**What you will do:** After locating "意味不明あだ名 | 『ペロリンつるたかずみ』 |" in the listing below, copy that line and each one after it exactly, ending with the line that has "여자 여름 새로운 한국어".

**Record excerpts:**
--------
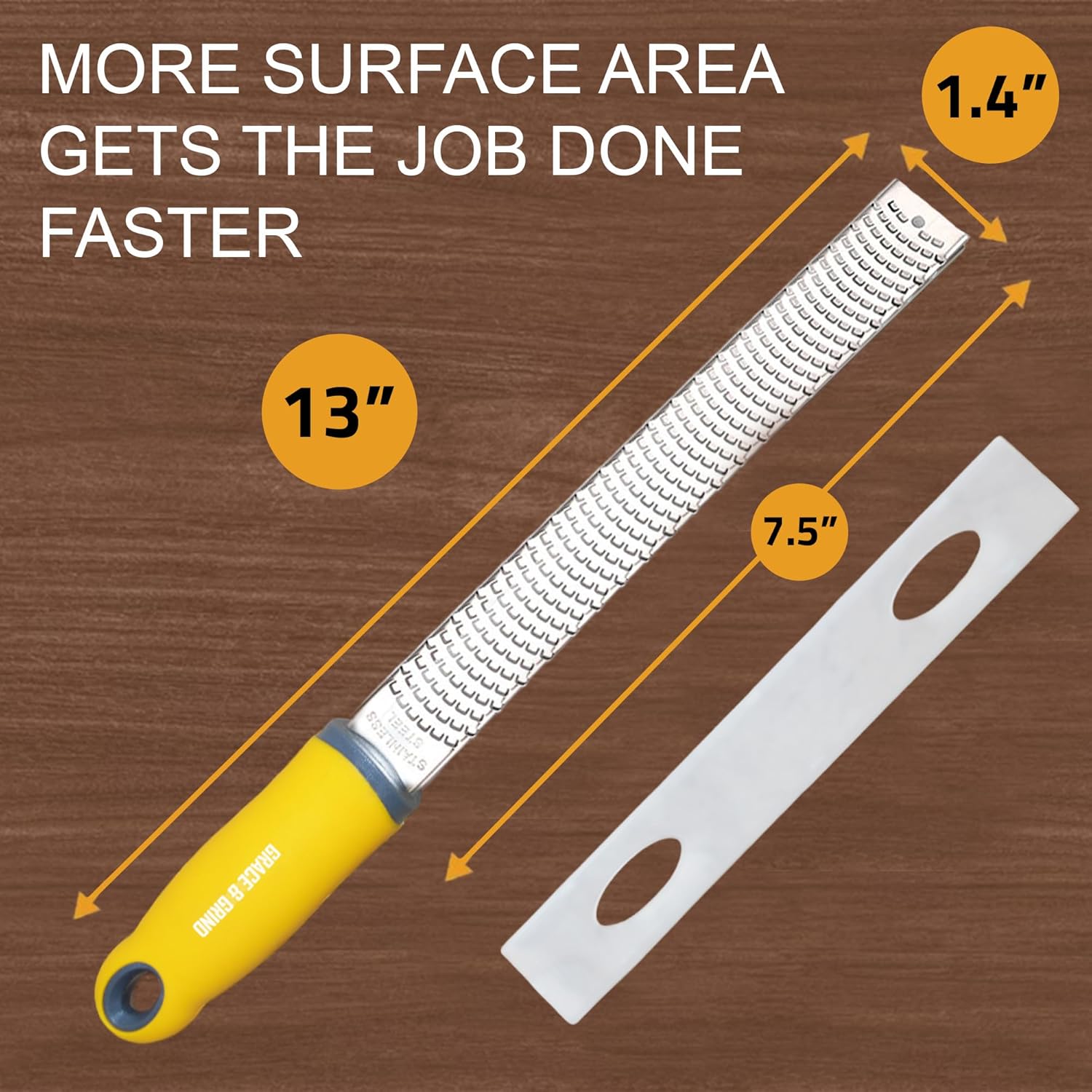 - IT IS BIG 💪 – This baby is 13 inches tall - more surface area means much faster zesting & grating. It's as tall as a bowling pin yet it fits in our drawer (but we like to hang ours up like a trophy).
--------
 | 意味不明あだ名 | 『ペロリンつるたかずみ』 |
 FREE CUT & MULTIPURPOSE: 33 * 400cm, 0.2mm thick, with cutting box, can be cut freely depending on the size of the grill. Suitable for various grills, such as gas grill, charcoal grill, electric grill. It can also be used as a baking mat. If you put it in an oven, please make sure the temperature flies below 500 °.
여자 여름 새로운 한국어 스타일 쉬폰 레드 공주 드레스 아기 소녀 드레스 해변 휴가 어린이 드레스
--------
**Your response:**
 | 意味不明あだ名 | 『ペロリンつるたかずみ』 |
 FREE CUT & MULTIPURPOSE: 33 * 400cm, 0.2mm thick, with cutting box, can be cut freely depending on the size of the grill. Suitable for various grills, such as gas grill, charcoal grill, electric grill. It can also be used as a baking mat. If you put it in an oven, please make sure the temperature flies below 500 °.
여자 여름 새로운 한국어 스타일 쉬폰 레드 공주 드레스 아기 소녀 드레스 해변 휴가 어린이 드레스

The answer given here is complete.